| Article ID | Journal | Published Year | Pages | File Type |
|---|---|---|---|---|
| 1618127 | Journal of Alloys and Compounds | 2011 | 6 Pages |
Metal incorporation is one of the most effective methods for relaxing internal stress in diamond-like carbon (DLC) films. It was reported that the chemical state of the incorporated metal atoms has a significant influence on the film internal stress. The doped atoms embedding in the DLC matrix without bonding with C atoms can reduce the structure disorder of the DLC films through bond angle distortion and thus relax the internal stress of the films. In present paper, Al atoms, which are inert to carbon, were incorporated into the DLC films deposited by a hybrid ion beams system comprising an anode-layer ion source and a magnetron sputtering unit. The film composition, microstructure and atomic bond structure were characterized using X-ray photoelectron spectroscopy, transmission electron microscopy and Raman spectroscopy. The internal stress, mechanical properties and tribogoical behavior were studied as a function of Al concentration using a stress-tester, nanoindentation and ball-on-disc tribo-tester, respectively. The results indicated that the incorporated Al atoms were dissolved in the DLC matrix without bonding with C atoms and the films exhibited the feature of amorphous carbon. The structure disorder of the films tended to decrease with Al atoms incorporation. This resulted in the distinct reduction of the internal stress in the films. All Al-DLC films exhibited a lower friction coefficient compared with pure DLC film. The formation of the transfer layer and the graphitization induced by friction were expected to contribute to the excellent friction performance.

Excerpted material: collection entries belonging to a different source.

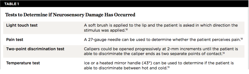 Injuries to the trigeminal nerve can include compression, stretching, and partial or complete transection. Damage can result in neurosensory alterations with respect to touch, pressure, temperature, and pain.7 Trigeminal nerve malfunctions can interfere with speaking, eating, kissing, shaving, applying makeup, toothbrushing, and drinking.7 In addition, these injuries can have psychological effects and affect social interactions.8 Altered sensations (eg, pain) may be detected during surgical manipulations or there may be a delayed onset of discomfort.
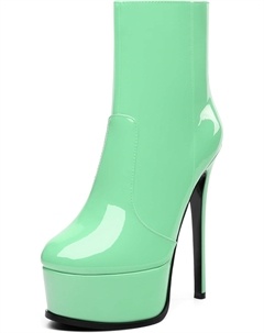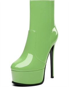 Женские ботильоны на высокой шпильке, круглый носок, лакированные ботинки с боковой молнией, стильные короткие ботинки для вечеринок и выпускного, каблук 15 см, Lime Green
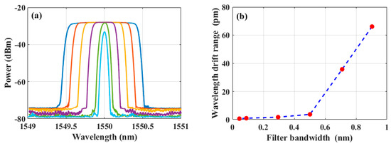 The roll-off characteristics of the OTF can affect the gain difference between the principal mode and the side modes. A larger gain difference leads to a reduced influence of the wavelength drift from internal noise fluctuations and environmental interference within the laser. Therefore, the wavelength drift of the PT symmetric fiber ring laser over a period of 30 min is demonstrated with the different bandwidth of the OTF in Figure 12. Figure 12a shows the transmittance spectra of the OTF with different bandwidth measured by the OSA. Figure 12b illustrates the corresponding relationship between the bandwidth of the OTF and the wavelength drift range of the PT symmetric fiber ring laser during a 30 min period. As it can be observed from Figure 12b, an increase in the bandwidth of the OTF resulted in a deterioration of the long-term stability of the laser. Particularly, the wavelength drift range began to increase significantly when the bandwidth exceeded 0.5015 nm. The reason why may be due to two factors. One is that the flat-top part in the transmittance spectrum of the OTF significantly expanded, enhancing the variation range of the potential maximum gain position. The other originates from the disturbance of internal noise and the external environment. Consequently, the drift range of the principal mode wavelength selected by the PT symmetry breaking mechanism was much larger than the longitudinal mode spacing. Therefore, the selection of an optical filter with a large roll-off is helpful to improve the stability of the PT symmetric fiber ring laser.

Research highlights► Weak carbide former, Al element, was incorporated into DLC films using a hybrid ion beams system comprising an anode-layer ion source and a magnetron sputtering unit. ► The structure disorder of the films tended to decrease with Al atoms doping, which resulted in the distinct reduction of the film internal stress and hardness, but the internal stress dropped faster than the hardness. ► The DLC films with low internal stress and high hardness can be acquired by Al incorporation.